Protesters wearing hard hats and masks chanted “Surround Government HQ!” and “Make Way! Make Way!” as they converged on Central Government Offices in the semiautonomous Chinese city, while police fired pepper spray in a bid to disperse the crowd.

More people began streaming towards the entrances and fire exits of the government building after a call from Nathan Law of the academic activist group Scholarism to supporters to join in.

The ubiquitous umbrellas, which became a symbol of the “Umbrella Movement” because of their widespread use to ward off pepper and tear-gas spray, were once more out in force.

The crowd had swelled to “several thousand,” by 10.00 p.m. local time, according to RFA journalists at the scene, after Hong Kong Federation of Students leader Nathan Law addressed the main occupation site on nearby Harcourt Road, calling on them to join in.

But Scholarism’s Oscar Lai warned protesters to stick to the principle of non-violent action, and not to provoke or charge at police.

“We can’t provoke the police or charge at them, because we are fighting for their basic right to vote and to seek election as well,” Lai said.

“They are Hong Kong people too,” he told the crowd in a speech as the action was launched in “Umbrella Square.”

“I want today’s action to be a mass action, not a dozen people hanging around at a street corner,” he said. “If that happens, it’s much harder for us to support you and ensure your safety.”

He added: “Today’s protest has an aim; and that is to force the government to pay attention to the will of the people.”

Police warning defied

Sunday’s protest came in spite of a police warning against such a rally, after which some 3,000 officers were deployed to the scene.

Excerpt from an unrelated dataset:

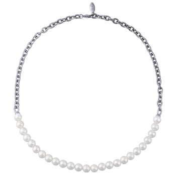 Изготовлено из ювелирного сплава на основе латуни с гальваническим покрытием родием. Изделие украшает жемчуг Майорка белого цвета диаметром 8мм. Длина 50см.
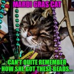 MARDI GRAS CAT CAN'T QUITE REMEMBER HOW SHE GOT THESE BEADS...

“If anyone obstructs the police in carrying out their duty, charges the police line violently, or tries to blockade central government offices, police will take resolute action,” police spokesman Kong Man-keung told reporters.

A City University student surnamed Ng said she would be swelling the ranks of Sunday’s protests, in spite of police warnings.

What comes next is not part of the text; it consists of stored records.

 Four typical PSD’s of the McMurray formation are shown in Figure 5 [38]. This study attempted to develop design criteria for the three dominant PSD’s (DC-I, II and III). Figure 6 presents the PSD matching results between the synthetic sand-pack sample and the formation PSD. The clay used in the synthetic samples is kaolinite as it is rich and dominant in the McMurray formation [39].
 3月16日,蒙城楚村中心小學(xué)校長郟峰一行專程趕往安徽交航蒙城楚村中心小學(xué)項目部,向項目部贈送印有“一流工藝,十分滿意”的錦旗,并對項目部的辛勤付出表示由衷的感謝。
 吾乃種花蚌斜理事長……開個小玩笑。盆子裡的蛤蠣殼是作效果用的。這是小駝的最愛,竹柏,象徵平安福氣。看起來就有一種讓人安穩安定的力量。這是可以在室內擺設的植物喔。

“I probably won’t stand right on the front line, because my family are very worried about my safety,” Ng said. “So I’ll find a spot a little further back.”

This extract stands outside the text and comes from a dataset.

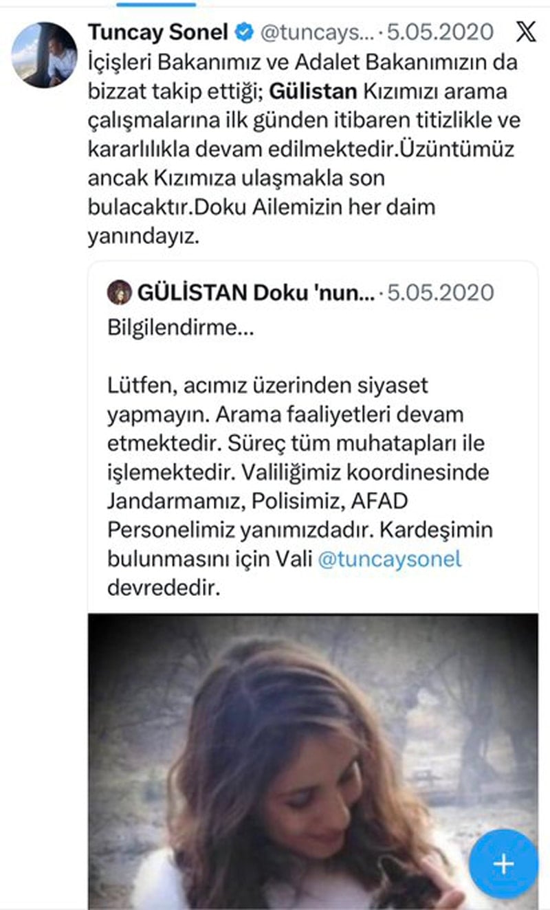 Üniversiteli Gülistan Doku davasında, dönemin Tunceli Valisi’nin oğlu dahil çok sayıda gözaltı yapılırken, eski İçişleri Bakanı Süleyman Soylu’nun çözüme odaklanmak yerine muhalefeti hedef aldığı ortaya çıktı. Soylu, polisin “insanüstü gayretine” rağmen Kemal Kılıçdaroğlu ve Meral Akşener’in siyasi rant için olayı suistimal ettiğini savundu. Olaydan iki yıl sonra konuşan Soylu, “Devletin tüm imkanlarıyla samimi bir gayret gösterdik” dese de sonuç alınamadı.

“The more of us there are, the safer it will be,” she said.

The renewed stand-off came after police cleared a seven-week-old occupation of the bustling shopping district of Mong Kok last week, acting to enforce a civil injunction brought by the transportation industry over the blocking of a major highway.

Police arrested 28 people in clashes on Friday and Saturday in Mong Kok, as hundreds of crowds attempted to retake the cleared site on Kowloon’s Nathan Road, without success.

The Occupy movement began on Sept. 28, when police use of tear-gas and pepper spray against umbrella-wielding demonstrators brought hundreds of thousands of citizens onto the streets in protest at the movement’s height.

But Hong Kong officials have repeatedly told the protesters to leave, saying that Beijing won’t withdraw an Aug. 31 decision ruling out public nomination of candidates in the 2017 election for the chief executive.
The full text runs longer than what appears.